Unwanted case-sensitivity when indexing fragment against source record

bwvogler commented 1 year ago

in StickyEndFragment.list_from_record_digestion (line 142), add upper() conversion, changing from existing index = record.seq.find(fragment) to fixed index = record.seq.upper().find(fragment)

Current implementation is broken for source records with lowercase Seq. If there is a mandate somewhere where these should be uppercase, then instead add a useful error report here.

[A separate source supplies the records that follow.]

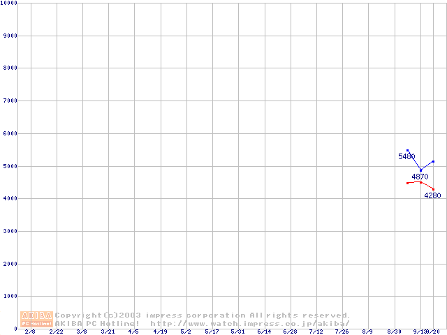 | [↓次グラフ]: | Socket A (PGA,FSB 200MHz,L2 64KB,Morgan)の最安値推移 |
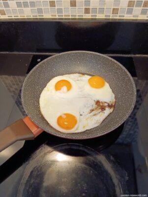 宿泊したコンドミニアムのキッチンを使って目玉焼きを作ってみた。やはり朝は目玉焼きがないと始まらないw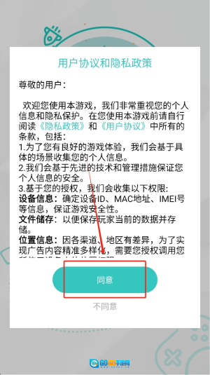 1、首先,认真阅读《用户协议和隐私政策》,确认无误后点击“同意”按钮即可进入游戏。

veghp commented 1 year ago

Thank you, yes I have started suspecting recently that there may be an issue when upper/lowercase is mixed in the sequence.

I'll have a look.

veghp commented 1 year ago

I had a look and found that in certain cases when the sequence has both upper/lowercase we have an error, and that the above solution fixes it.

The problem for the record: when the part is all uppercase or all lowercase then it works fine. If the part is mixed, and the lowercase is outside the insert region it works fine (except for receptor). In all other mixed cases (whether it's uppercase in the overhang, or inside the fragment), we have an error.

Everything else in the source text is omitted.